Anlässlich eines Symposiums der Meininger Theaterfestwoche im April haben wir unter dem Titel "Die Magie der Performance" einen Beitrag von Maren Goltz zu den sogenannten "Meininger Prinzipien" der Theaterkunst veröffentlicht. Beim Museumstag am vergangenen Sonntag hat die Musik- und Theaterwissenschaftlerin das Thema erneut aufgegriffen - in Form einer Zeichnung von Herzog Georg II. Die Skizze zeigt, wie der Theaterherzog Angaben aus einer wissenschaftlichen Publikation kombiniert und dramatisiert, um eine überwältigende szenische Wirkung zu erzielen. In einem "überwältigenden Gesamtkonzept" sieht Maren Goltz ein wesentliches Prinzip der Meininger Theaterkunst der Herzogszeit. Wir fragten sie nach Reaktionen.

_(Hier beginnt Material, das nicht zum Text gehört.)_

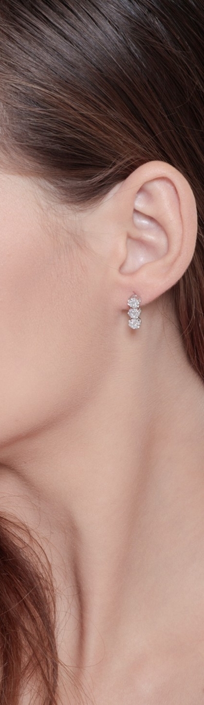 Weißgold 18k Ohrringe mit drei Blumen aus Diamanten

Frau Goltz, am Meininger Theater war man wenig amused über Ihren Diskussions-Beitrag. Gab es noch andere Reaktionen?

Ich habe viel positive Resonanz in Form von Nachrichten und Gesprächen erhalten. Auch der Intendant des Theaters, Ansgar Haag, hat ja in seinem Leserbrief meine Ausführungen durchaus gewürdigt, nur hatte er das Gefühl, Alfred Erck in Schutz nehmen zu müssen. An sich eine nette Geste. Auf dem Symposium war die Atmosphäre freilich deutlich angespannter und Alfred Erck hat wiederholt eine öffentliche Entschuldigung gefordert.

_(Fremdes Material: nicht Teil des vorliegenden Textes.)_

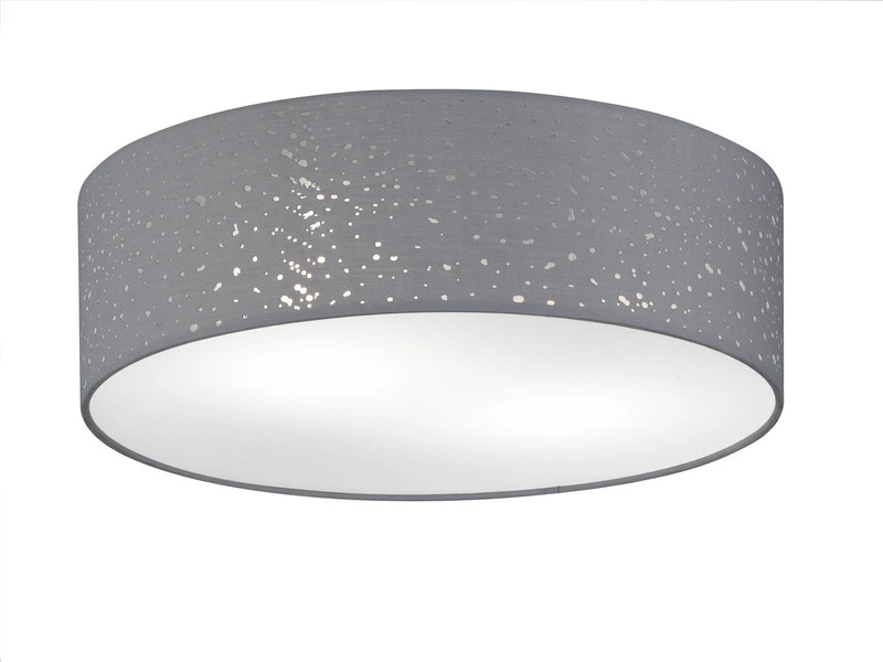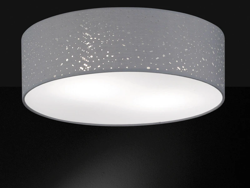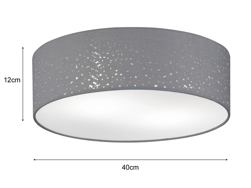 Der graue Stoffschirm mit stilvollem Dekor hat einen Durchmesser von 40 cm und eine Höhe von 12 cm. Das edle Erscheinungsbild der Deckenleuchte sorgt im Zusammenspiel mit der unteren, satinierten Acrylabdeckung für ein harmonisches Ambiente.

Das haben Sie nicht getan. Warum?

Zunächst einmal möchte ich klarstellen, dass ich eine kritische Hinterfragung von Forschungspositionen in einem als Diskussionsbeitrag gekennzeichneten Artikel nicht als "Herabwürdigung" verstehe. Alfred Erck hat zahlreiche Verdienste um die Meininger Kulturgeschichte, die ich ausdrücklich anerkenne und wertschätze. Das bedeutet jedoch nicht, dass seine Arbeiten - ebenso wie die sämtlicher Wissenschaftler - nicht immer wieder auf den Prüfstand gehören. So geht Wissenschaft und das ist ihre Aufgabe.

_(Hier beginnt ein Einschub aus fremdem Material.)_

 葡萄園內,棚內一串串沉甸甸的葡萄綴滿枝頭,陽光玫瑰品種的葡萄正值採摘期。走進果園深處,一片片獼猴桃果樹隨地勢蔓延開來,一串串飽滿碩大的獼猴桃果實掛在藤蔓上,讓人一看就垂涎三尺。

Ihr Beitrag und das Symposium beschäftigten sich mit zwölf "Meininger Prinzipien", mit denen verschieden Autoren die Theaterkunst Herzog Georg II. erklären. Sie melden deutliche Kritik daran an. Warum?

Eine kritische Hinterfragung ist in mehrfacher Hinsicht zwingend erforderlich. Es lässt sich nämlich beobachten, dass diese sogenannten "Prinzipien" zunehmend als von Herzog Georg II. und seinen Vertrauten im 19. Jahrhundert aufgestellte Leitideen einer "Theaterreform" betrachtet, verabsolutiert und instrumentalisiert werden. Und hier muss ganz klar gesagt werden: Dem ist nicht so. Wie Alfred Erck noch in seiner Publikation von 1999 so treffend formuliert, wurden die "Meininger Prinzipien" von ihren Schöpfern nie theoretisch-systematisch dargestellt. Folglich stellten die von ihm im Anschluss aufgestellten zwölf Thesen nur einen Versuch dar, ich zitiere, "auf der Grundlage des heutigen Wissensstandes die ‚Meininger Prinzipien‘ auf möglichst einfache Weise zusammenzufassen". Dies war damals sicherlich ein wichtiger Beitrag, aber Versuche, zumal auf einer begrenzten Forschungsgrundlage, sind keine Gewissheiten und schon gar keine unumstößlichen Dogmen.

Aus Ihrer Sicht leistete das Symposium also keine wissenschaftliche Auseinandersetzung mit den Thesen. Wurde damit eine Gelegenheit vergeben?

Da bereits das Symposiums-Programm erahnen ließ, dass die Gelegenheit einer Problematisierung der Thesen ungenutzt verstreichen würde, habe ich den Anstoß zum kritischen Überdenken in einer längst überfälligen Debatte unternommen. Wie dringend notwendig dies war, hat das viertägige Symposium, das in der ansonsten künstlerisch überaus vielfältigen Festwoche stattfand, eindrucksvoll unterstrichen: Denn hier fand diese Debatte - obwohl es genau der richtige Ort gewesen wäre - nicht statt. Sie war überhaupt nicht vorgesehen. Bereits die Einladung zum Symposium erfolgte unter der reichlich unreflektierten Prämisse, dass "die ‚Meininger Prinzipien‘ aus dem 19. Jahrhundert" auf ihre "Aktualität", "Langlebigkeit" und "Zukunftsfähigkeit" befragt werden sollten, obwohl doch eigentlich erst einmal hätte geklärt werden müssen, ob und inwieweit diese "Prinzipien" überhaupt einer kritischen Prüfung standhalten.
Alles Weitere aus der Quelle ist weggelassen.